## [INSTRUCTIONS FOR THE TASK]
Every line in the records below between the one holding "享受贵宾桑拿,需要使用300" and the one holding "A POLYCHROME WAX", inclusive, is to be set down exactly; all other lines are to be left out.

## [THE RECORDS]
=====

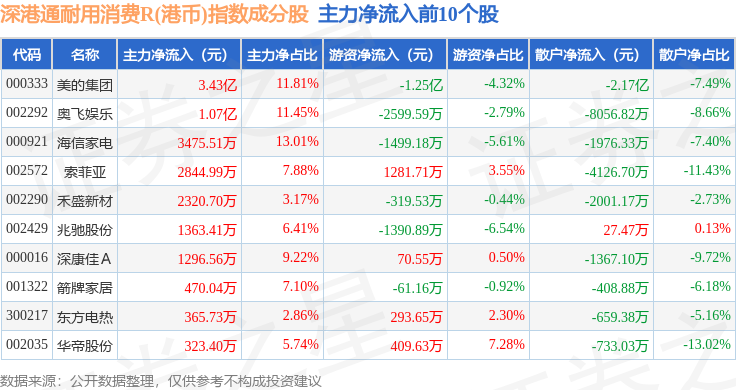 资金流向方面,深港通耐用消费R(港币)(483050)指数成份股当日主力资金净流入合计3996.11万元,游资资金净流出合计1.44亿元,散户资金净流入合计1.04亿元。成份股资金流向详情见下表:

=====

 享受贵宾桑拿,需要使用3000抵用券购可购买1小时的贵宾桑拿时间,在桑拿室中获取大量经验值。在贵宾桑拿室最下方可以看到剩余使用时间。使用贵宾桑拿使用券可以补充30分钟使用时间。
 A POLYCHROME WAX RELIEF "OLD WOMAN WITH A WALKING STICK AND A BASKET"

=====

## [FINISHED TASK]
 享受贵宾桑拿,需要使用3000抵用券购可购买1小时的贵宾桑拿时间,在桑拿室中获取大量经验值。在贵宾桑拿室最下方可以看到剩余使用时间。使用贵宾桑拿使用券可以补充30分钟使用时间。
 A POLYCHROME WAX RELIEF "OLD WOMAN WITH A WALKING STICK AND A BASKET"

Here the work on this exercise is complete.